# EXERCISE DIRECTIONS
An exact copy of every entry is the answer here, with no pictures.

Items from a dataset:
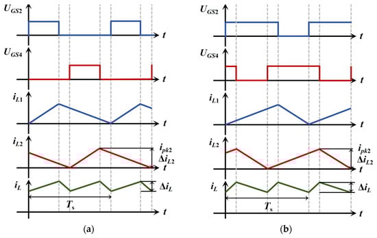 The waveforms of the switch voltage signal and inductance current of each interleaved parallel branch when duty cycle D ≤ 0.5 and D > 0.5 are shown in Figure 7. The voltages and driving signals of the two modules exhibit a half-cycle phase difference during the positive half-cycle period. The two inductive currents also have a phase difference of half a switching cycle. By superimposing two groups of inductive currents, the total inductive current iL is obtained. From the figure, the total current ripple value ΔiL is significantly reduced.
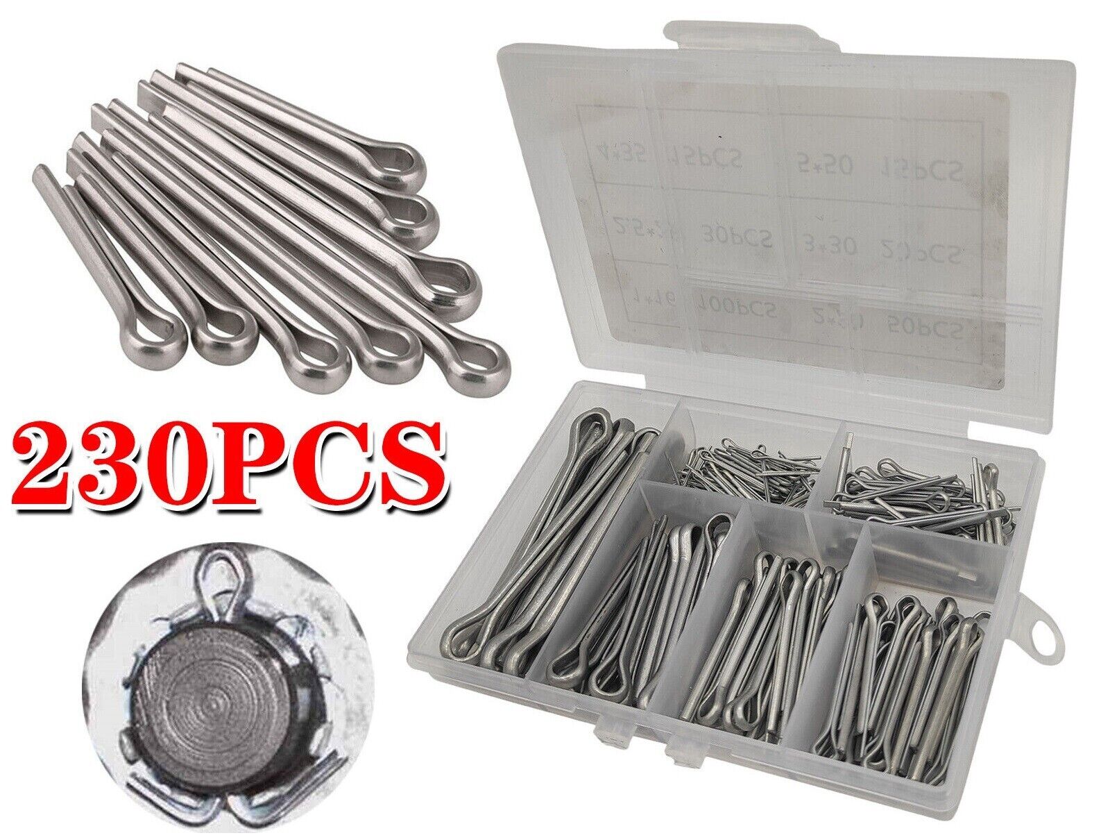 230pcs Stainless Steel Cotter Pin Assortment Set Split Pin Value Kit 6 sizes
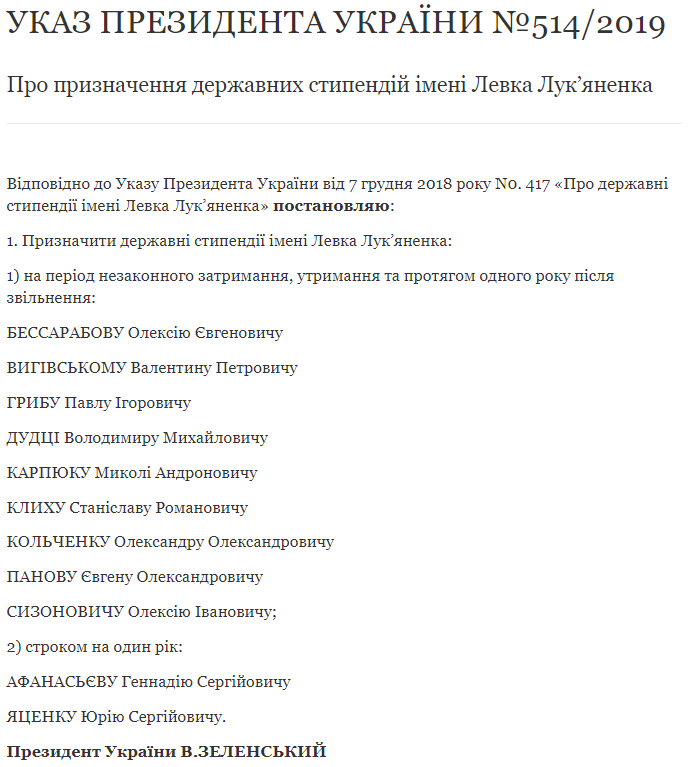 Так, на период незаконного задержания, содержания и в течение одного года после освобождения стипендии назначены: Алексею Бессарабову, Валентину Выговскому, Павлу Грибу, Владимиру Дудке, Николаю Карпюку, Станиславу Клыху, Александр Кольченко, Евгению Панову и Алексею Сизоновичу. Кроме того, президент назначил стипендии сроком на один год Геннадию Афанасьеву и Юрию Яценко, которые ранее были освобождены из российских тюрем.
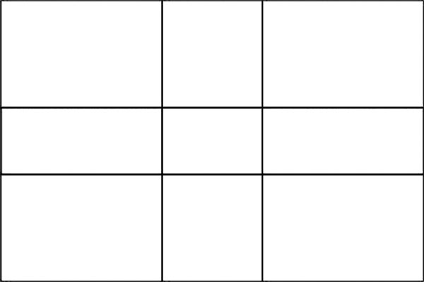 Pierwszy rysunek przedstawia w jaki sposób podzielić kadr, który najczęściej jest prostokątem, na dziewięć pól, przy pomocy poziomych i pionowych linii na wysokości (szerokości) 1/3 i 2/3.
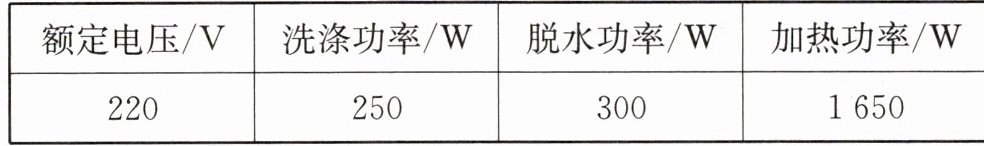 (2)洗衣机工作时的最大功率是加热功率$P_{热}=1650W,$洗衣机所在分支回路用电器总功率$P_{其他}=2150W,$则回路总功率P=1650W + 2150W=3800W,根据P=UI,$I = \frac{P}{U}=\frac{3800W}{220V}=17.27A,$根据表格,应选择C20空气开关。

# REPLY TO THE TASK
 The waveforms of the switch voltage signal and inductance current of each interleaved parallel branch when duty cycle D ≤ 0.5 and D > 0.5 are shown in Figure 7. The voltages and driving signals of the two modules exhibit a half-cycle phase difference during the positive half-cycle period. The two inductive currents also have a phase difference of half a switching cycle. By superimposing two groups of inductive currents, the total inductive current iL is obtained. From the figure, the total current ripple value ΔiL is significantly reduced.
 230pcs Stainless Steel Cotter Pin Assortment Set Split Pin Value Kit 6 sizes
 Так, на период незаконного задержания, содержания и в течение одного года после освобождения стипендии назначены: Алексею Бессарабову, Валентину Выговскому, Павлу Грибу, Владимиру Дудке, Николаю Карпюку, Станиславу Клыху, Александр Кольченко, Евгению Панову и Алексею Сизоновичу. Кроме того, президент назначил стипендии сроком на один год Геннадию Афанасьеву и Юрию Яценко, которые ранее были освобождены из российских тюрем.
 Pierwszy rysunek przedstawia w jaki sposób podzielić kadr, który najczęściej jest prostokątem, na dziewięć pól, przy pomocy poziomych i pionowych linii na wysokości (szerokości) 1/3 i 2/3.
 (2)洗衣机工作时的最大功率是加热功率$P_{热}=1650W,$洗衣机所在分支回路用电器总功率$P_{其他}=2150W,$则回路总功率P=1650W + 2150W=3800W,根据P=UI,$I = \frac{P}{U}=\frac{3800W}{220V}=17.27A,$根据表格,应选择C20空气开关。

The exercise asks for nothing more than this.